A step of forming a gate electrode so as to extend over the layer, and then ion-implanting the gate electrode to adjoin the other end of the gate electrode.
As described above, it is common to form a high-concentration reverse conductivity type source diffusion layer.
Is separated from one end of the gate electrode, and
Concentration reverse conductivity contained in the reverse conductivity type drain diffusion layer
Type drain diffusion layer is formed simultaneously with the ion implantation.

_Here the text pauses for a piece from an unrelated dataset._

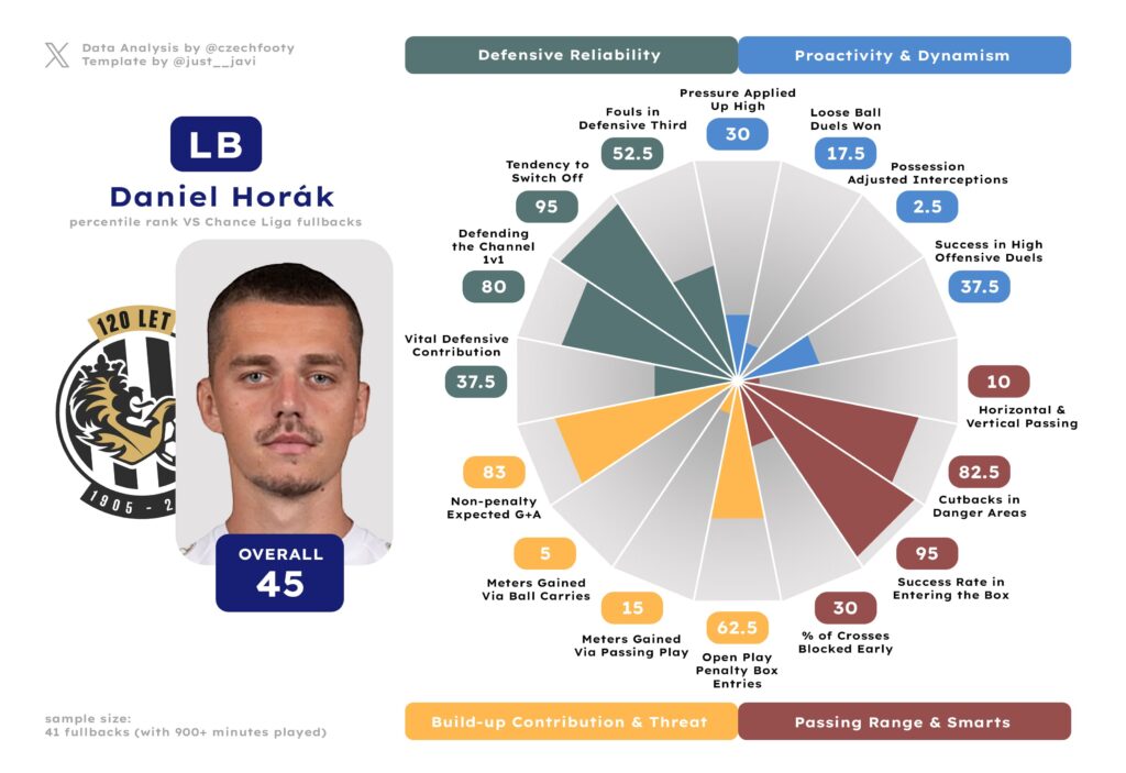 Now, is it necessarily a problem that Horák clearly isn’t a dynamic force or a particularly consequential passer? No, and no. Some things are, after all, by design — like the relative lack of high pressures, no doubt owing to Horejš’s passive setup. Other things are simply more important for Hradec: high-percentile 1-on-1 defending, the third-best success rate in entering the box from open play, his smart (if not progressive) passing, especially cutbacks.

And then from the one end of the gate electrode to the low concentration reverse conductivity.
Type high-concentration reverse conductivity type included in the drain diffusion layer
Reverse conduction of medium concentration by ion implantation near the drain diffusion layer
And a step of forming an electrotype layer . 2. A step of forming a medium-concentration reverse-conductivity-type drain diffusion layer on a one-conductivity-type semiconductor substrate by ion implantation , and then forming a field oxide film formed by field oxidation into the medium-concentration some of the opposite conductivity type drain diffusion layer is surrounded by lowering the concentration under the field oxide film, thereby forming a reverse conductivity type drain diffusion region of low concentration under the field oxide film, the Fi
From the other end of the field oxide film to the medium concentration reverse conductivity type drain
Forming such diffusion layer is continuous, then forming a gate electrode via the gate insulating film to extend onto the field oxide film, then, one end of the gate electrode by ion implantation When a high-concentration reverse conductivity type source diffusion layer is formed so as to be adjacent to
To, spaced from the other end of the gate electrode, and that it has a step of forming simultaneously a reverse conductivity type drain diffusion layer of high concentration and the ion implantation to be included in the opposite conductivity type drain diffusion layer of the concentration A method for manufacturing a characteristic semiconductor device.